- Information provided
▼
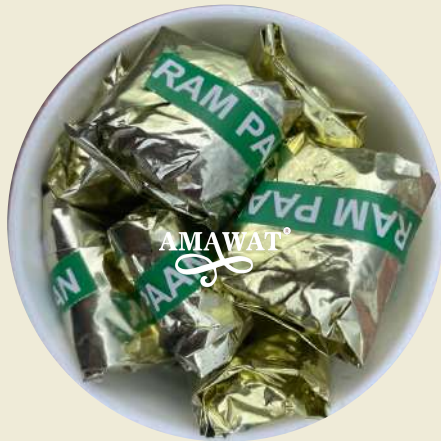
Ram Paan Golden
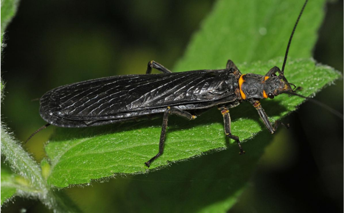
Pteronarcys princeps Banks, Mt. Shasta City Park, California, USA
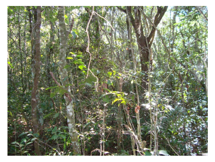
Figure 3. Forest of restinga (internal view) –Ubatuba, São Francisco do Sul, Santa Catarina State, Brazil
▲
- What you have to do
Copy out all of the data word for word. Do not carry over any picture.

- Solution
Ram Paan Golden
Pteronarcys princeps Banks, Mt. Shasta City Park, California, USA
Figure 3. Forest of restinga (internal view) –Ubatuba, São Francisco do Sul, Santa Catarina State, Brazil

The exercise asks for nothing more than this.